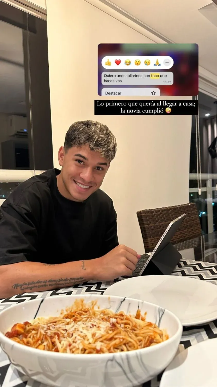Torres publicó una captura de pantalla documentando el pedido que le hizo su pareja: "Quiero unos tallarines con tuco que hacés vos", le solicitó. Y Torres, cumplió.
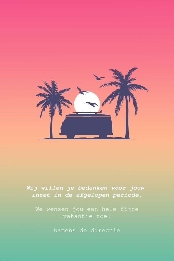 Zomerse zakelijke uitnodiging om je personeel te bedanken voor hun inzet en een fijne vakantie te wensen. Uniek aan deze kaart is de ronde uitsnede, waardoor je een hippie busje ziet met op de achtergrond de zon, vogels en palmbomen. Daarnaast is er ruimte om een eigen logo op de voorzijde te plaatsen.
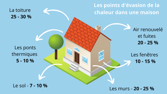 - 20 à 25 % par l’air renouvelé et les fuites (cheminée, conduits de ventilation, etc.) ;
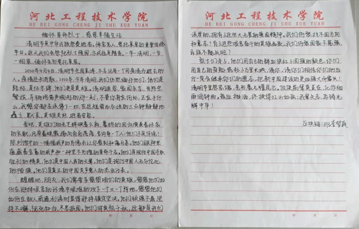 时至清明,我们回顾中华民族的风雨历程,八年的浴血奋战,革命英雄抛头颅洒热血,最终取得革命伟大胜利。许多同学感叹,我们的民族是多么的强大,我的祖国是多么的伟大,在党的带领下,中国,真正成为了东方的一条龙。我们要把缅怀革命先烈的情感化作建设社会主义和谐社会的巨大动力,努力学习,为国家的富强贡献自己的力量。
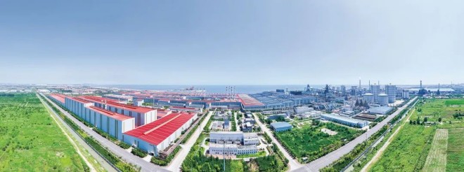 圖為航拍日照鋼鐵精品基地。(郭陽 攝)
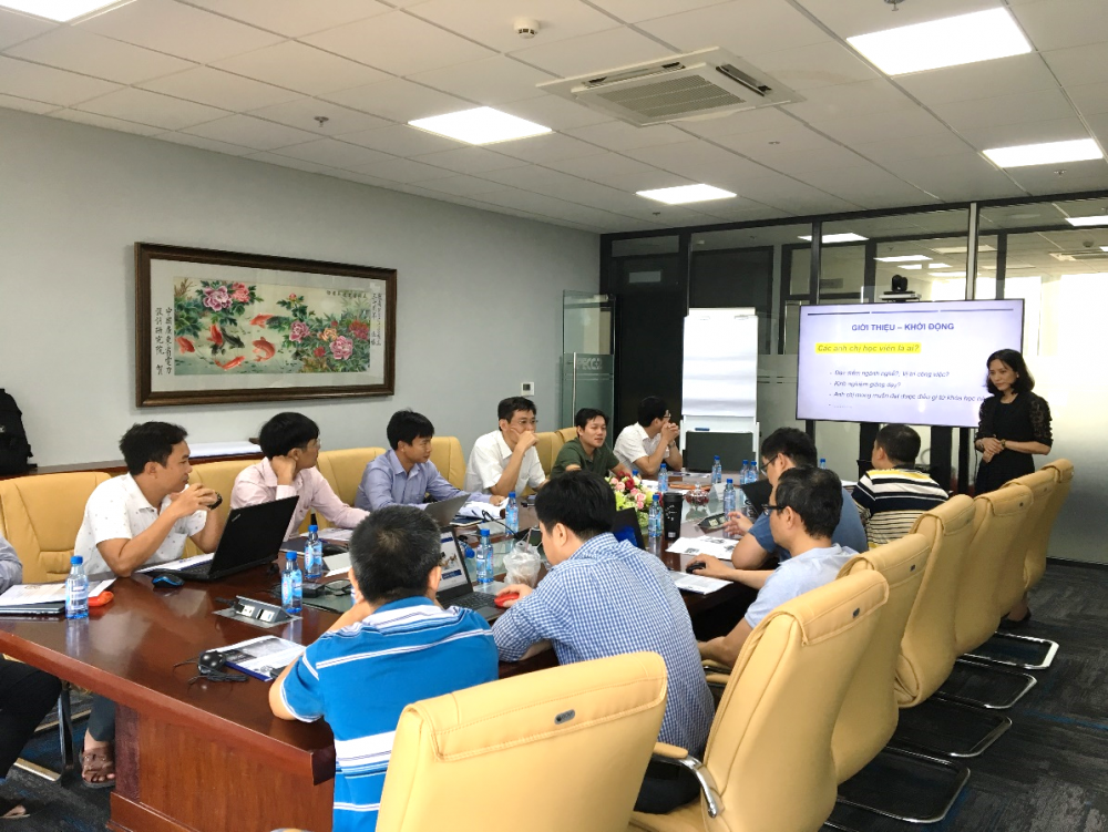 Trong buổi học đầu tiên, các học viên được yêu cầu lựa chọn một chủ đề dạy học. Đồng thời thực hành viết mục tiêu dạy học cho chủ đề đã chọn và cách triển khai các nội dung bài học tương ứng với mục tiêu đề ra. Lớp học diễn ra trong bầu không khí sôi nổi và hào hứng. Dưới sự hướng dẫn của giảng viên, các học viên đã trình bày về kết quả bài tập của mình và cùng nhau trao đổi, học hỏi để vận dụng hiệu quả hơn những kiến thức được học vào thực tế.
○ ○ ○ ○ ○ ○ ○
> [Directions]
Once the line containing "时至清明,我们回顾中华民族的" is located, write out exactly that line and each one after it to the end of the records above, excluding pictures and nothing else.

> [Solved exercise]
 时至清明,我们回顾中华民族的风雨历程,八年的浴血奋战,革命英雄抛头颅洒热血,最终取得革命伟大胜利。许多同学感叹,我们的民族是多么的强大,我的祖国是多么的伟大,在党的带领下,中国,真正成为了东方的一条龙。我们要把缅怀革命先烈的情感化作建设社会主义和谐社会的巨大动力,努力学习,为国家的富强贡献自己的力量。
 圖為航拍日照鋼鐵精品基地。(郭陽 攝)
 Trong buổi học đầu tiên, các học viên được yêu cầu lựa chọn một chủ đề dạy học. Đồng thời thực hành viết mục tiêu dạy học cho chủ đề đã chọn và cách triển khai các nội dung bài học tương ứng với mục tiêu đề ra. Lớp học diễn ra trong bầu không khí sôi nổi và hào hứng. Dưới sự hướng dẫn của giảng viên, các học viên đã trình bày về kết quả bài tập của mình và cùng nhau trao đổi, học hỏi để vận dụng hiệu quả hơn những kiến thức được học vào thực tế.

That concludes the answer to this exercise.